I suppose a second alternative would have been for to be absolutely
no protocols or guidance from the Gov and the Ohio Department of Health... leaving it up entirely to the schools if they wanted to quarantine if a known exposure or positive arose, to listen to their local health department (or not.) Even going further: leaving it up to the schools if they wanted to mandate masks and 15% capacity for attendance/or instead let everyone sit ass-to-ass in a packed gym with the choice to wear a mask (or not.) Or somewhere in between.
It's hard to thread needles. If there was a magic bullet that could make the season more 'normal' while balancing the interest of public health, I'm sure every administrator would go for it.
Last year Fairland didn’t get to end their season because we didn’t know anything about this virus.....a year later teams will have to send JV players to play in the districts and we have so much more knowledge, hell half of the US knows everything about everything, I don’t see why we just can’t ask them what to do for certain.
There is, or was, an
opinion that it was a bad idea to start a winter sports season for the '20-21 school year. Same with fall sports. Obviously it didn't gravitate beyond the individual districts, in the end, but at least OHSAA and the governor's office has done what they can to give the kids a chance to play. Even if it is riddled with imperfection and policies whose aims are not apparent at times.
I’ve yet to notice anything being lax causing anything more with this virus.
What about the general laxness of the population and their activities? See:
7-day averages in Ohio case counts from the middle of November through the middle of January -- a time period with a very close association to congregate activities, like holiday celebrations, being held inside and typically with the mixing of different households,
en masse. Compare that ~2 month window to any point in the summer for the same time-frame.
Let’s drag our heels some more on getting this vaccine out there.
It's low supply versus high demand, with increases in the supply coming soon, factored also by a very poor distribution infrastructure in the infancy of the COVID-vaccination saga.
In the grand scheme of things how do league games matter more than non league?
Something to ask the leagues.
Screw the Convo...let’s hold districts at Walmart, zero spread there. Regionals at Kroger and State games...nah, cancel them bad boys as 20x more people are infected daily than when shut down last year.
I like the Convo -- the experience, the atmosphere and symbolism. I think everyone here does, just like its understood why there aren't going to be districts held there. Postseason games being played would be a success to anyone that wanted a season, right?

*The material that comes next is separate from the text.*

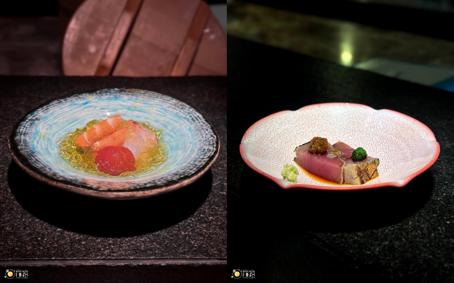 Sunomono เริ่มต้นเบาๆ ด้วยรสเปรี้ยวสดชื่น ที่มีทั้งปลามาไดเนื้อนุ่ม อาโอริอิกะหนุบลื่น และกุ้งเทนชิโนะที่กรอบเด้งหวานธรรมชาติ เสิร์ฟพร้อมซอสเปรี้ยวในรูปแบบเจลลี่จากเจลาตินปลา เป็นจานเปิดที่เรียกน้ำย่อยได้ดีมาก

State games will be played
somewhere.
22nd game? Why’d they risk 12...or even 2?
I'm not following this. Whether the "extra" game, such as an impromptu scheduling, before the tournament is the 22nd or 21st (or whatever integer) game for a given team isn't the discussion. If its a game that could otherwise be done without, then its a game that could be done without. But that's of course for the coaches and athletic department to decide. To the point bman and barlowbandit were making: there is the fact that playing another game could put you into quarantining problems right before the game. It's not an absolute. It's not an automatic. It's just a matter of risk.